Aim of the task:
If pictures appear in the lines below, skip them and copy exactly the lines from the one containing "Blue Abstract Printed" through the one containing "Одно из постановлений", and nothing else.

Given data:
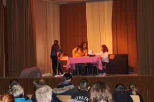 C’est dans une ambiance joyeuse et conviviale que pendant 5 jours, les jeunes actrices: Emy, Angie, Maureen et Noémie accompagnées de Benoît Devillers, comédien à la Cie La Femme et l’Homme Debout, ont imaginé, créé, et mis en scène des saynètes construites à partir de leur quotidien, de leurs histoires, de leurs expériences.
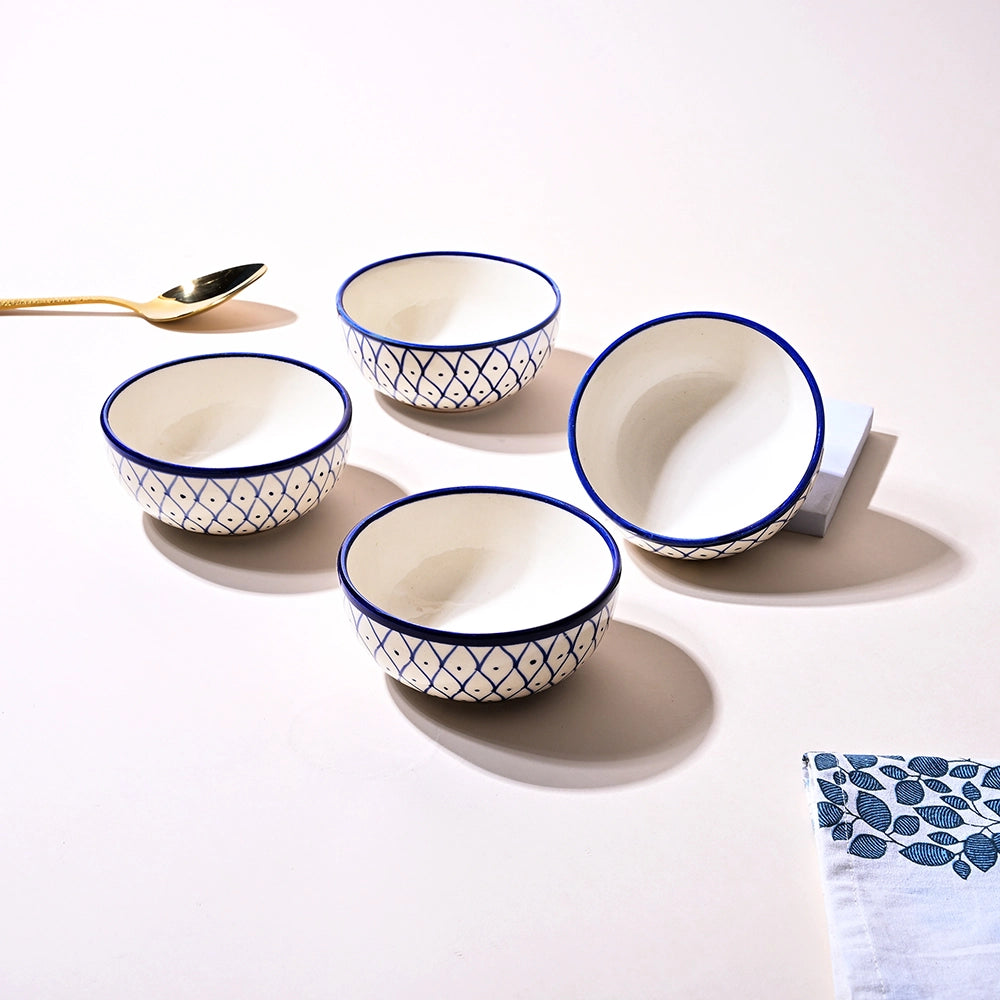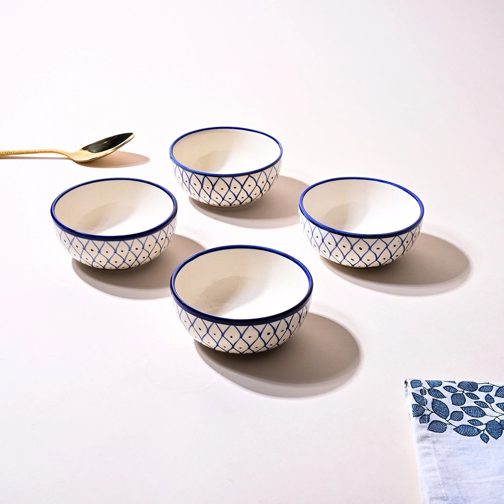 Blue Abstract Printed Ceramic Glossy Bowls (Set of 4)
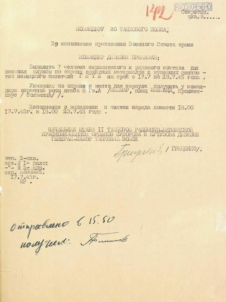 Одно из постановлений о сохранности культурных ценностей — об охране музея И. В. Гете
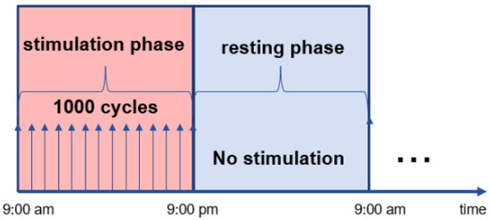Pictorial representation of the stimulation protocol. Every day, 1000 stimulation cycles were equally distributed from 9:00 a.m. to 9:00 p.m. (stimulation phase) and no stimulation was applied overnight (resting phase). The stimulation protocol was applied from the first day post-op for the entire duration of the study. The arrows represent the applied stimulation and the dots (…) indicate that the same protocol was recuring every day.

Solution to this problem:
 Blue Abstract Printed Ceramic Glossy Bowls (Set of 4)
 Одно из постановлений о сохранности культурных ценностей — об охране музея И. В. Гете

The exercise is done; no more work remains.